The STjol group experienced a similar process including the
30 second distractor task, except that the test trials were replaced by jol
trials. That is, instead of being required to provide the Swedish word that
matched the Swahili probe word, the subjects were given 8 second to render a
judgment for each word pair by answering this question: “How certain are you
that you will recall the Swedish word in a week when we test you again? “ Students
used a rating scale of 20% sure, 40%, 60%, 80%, 100%.
During the learning phase, the two ST groups increased their
scores at about the same rate from the first session to the fourth. Thus,
dropping a pair from testing once it was recalled correctly did not seem a disadvantage
to learning. Authors assume the jol groups would have increased scores
similarly, but of course they were not explicitly tested during the learning
phase. Their prediction scores did, however, increase over the four sessions at
a similar rate as recall did in the ST groups.
The key issue was elucidated on the memory test a week
later. The ST group had better recall than the STd group, thus revealing that
dropping items during study had long-term consequences. This is reminiscent of
studies by others on flash cards that showed that best long-term recall was
produced by re-testing with all cards in the deck, including those that were
answered correctly in a previous self-test.
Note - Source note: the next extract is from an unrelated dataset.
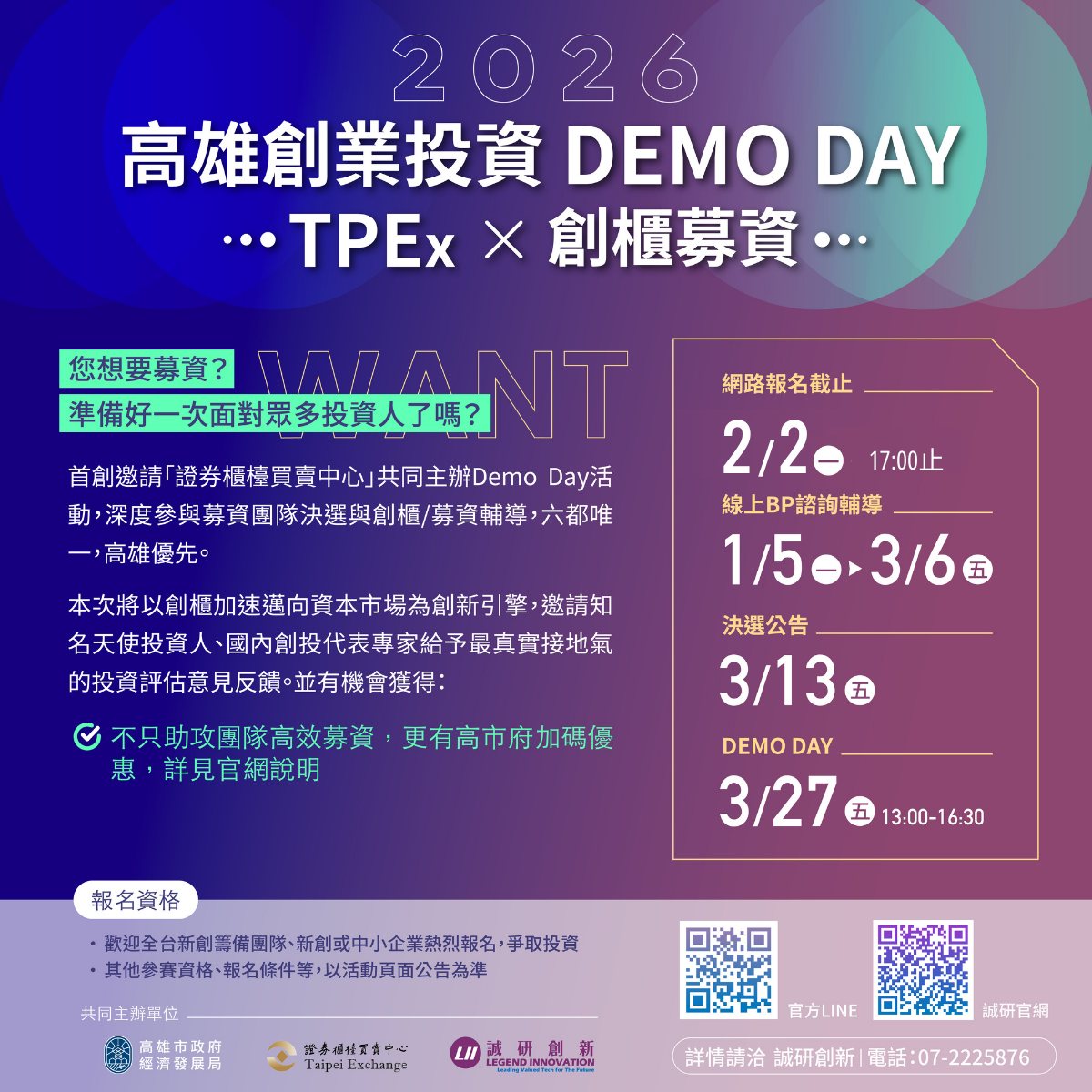 身為創業公司創辦人的你,是否有此困擾:「有足夠資本才能加速商業化,反之,有商業實績才能吸引資本」。為協助創業公司正確對接資本市場,獲得資金與市場人脈來加速成長,今年度的高雄創新創業大賽延續2024與2025創業投資DEMO DAY精神,以爭取股權投資為主的實戰BP活動,讓真正想要募資且已經準備好的團隊有機會一次面對眾多投資人進而達成目標。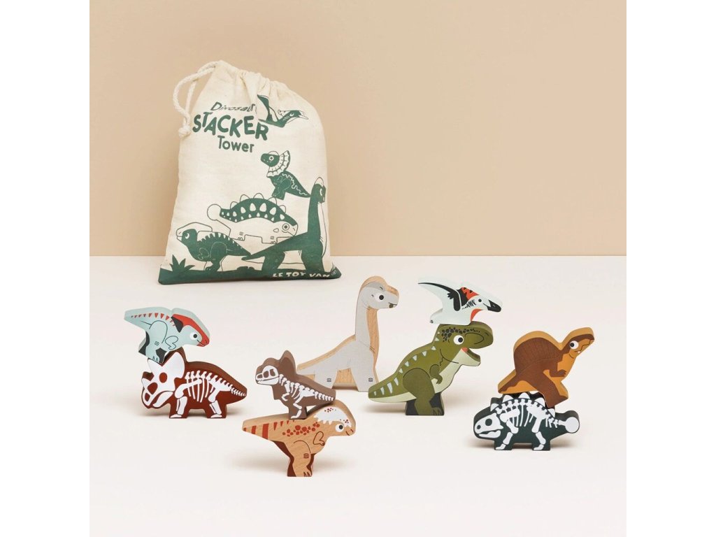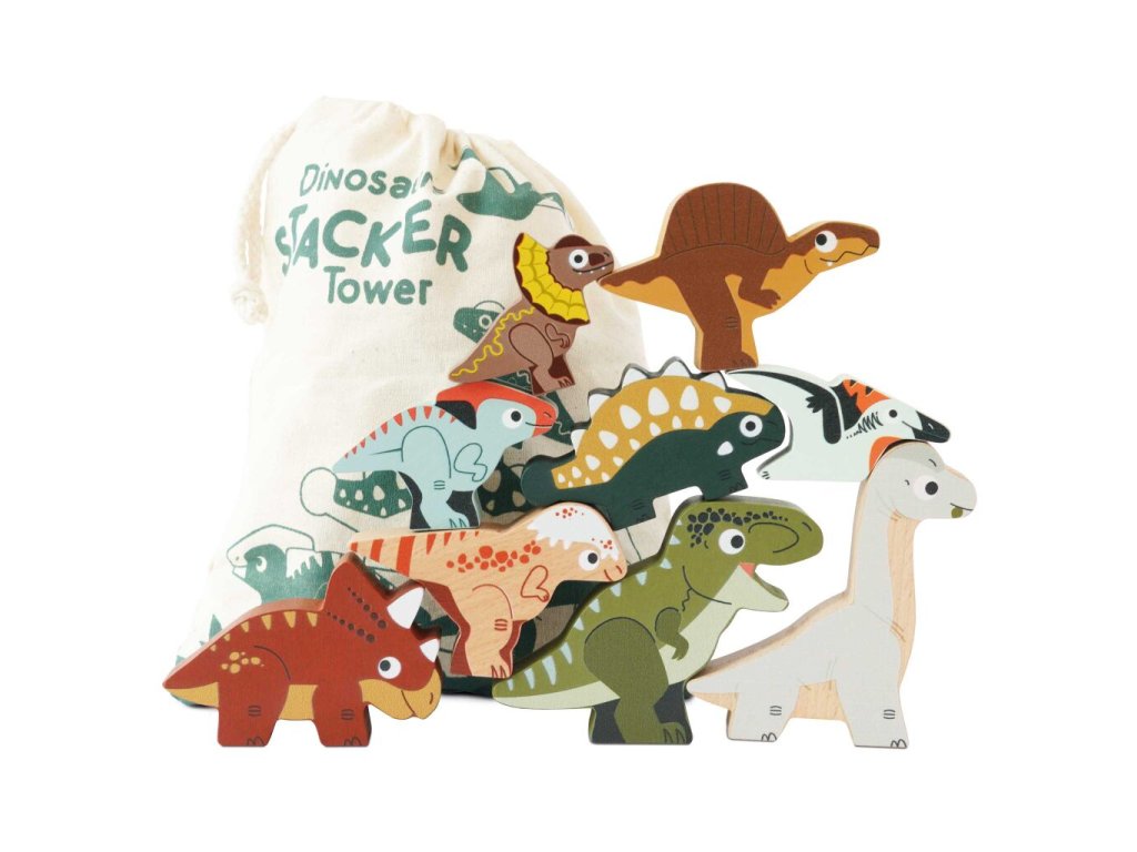 Skládací věž Dinosauři obsahuje 9 dřevěných figurek, které lze skládat na sebe, stavět do výšky nebo rozložit vedle sebe. Každý dinosaurus má z každé strany jiný motiv – děti tak mohou objevovat nejen jejich vzhled, ale i podobu kostry. Hra podporuje jemnou motoriku, rovnováhu, fantazii i zvídavost. Součástí balení je také praktická plátěná taška, která usnadňuje ukládání i přenášení figurek.

The jol group performed better on the final test than the
STd group but results were about the same as those for the ST group. Thus,
making a delayed judgment during the learning phase about how well one has
learned was just as effective for recall a week later as actually being tested
during the learning phase.
What do we make of that? It seems that to make a prediction
for ability to recall word pairs, a person has to first make a covert recall
effort. If you covertly recall a word readily, you would like give a judgment
rate of 100%, whereas if you struggled with covert recall, you might judge
future recall at only 40%, for example. To make such judgments, the learner has
to monitor the learning in real time. Such monitoring in order to render a
judgment entails covert self-testing, which these results suggest is just as
effective long term as explicit testing.
Such results confirm what we know about memory being
promoted by self-testing, whether explicit or covert. As a practical matter for
study strategies where it is inconvenient to take actual tests during study
sessions, it prudent to conduct covert self-testing wherein a student asks
questions like “how well have I remembered this item?” If the answer is “not
well,” more study is called for. Confident
judgments will tend to be confirmed when taking a real test later. In other
words, making judgments about learning effectiveness during a learning phase
helps a student to monitor progress and know how much time to devote to study.
In addition, making such estimates seems, in itself, to promote learning
because covert self-testing is required.
Sources:
Jönsson, F. U., Hedner, M., and Olsson, M. J. (2012). The
testing effect as a function of explicit testing of instructions and judgments
of learning. Experimental Psychology. 59 (5): 251-257.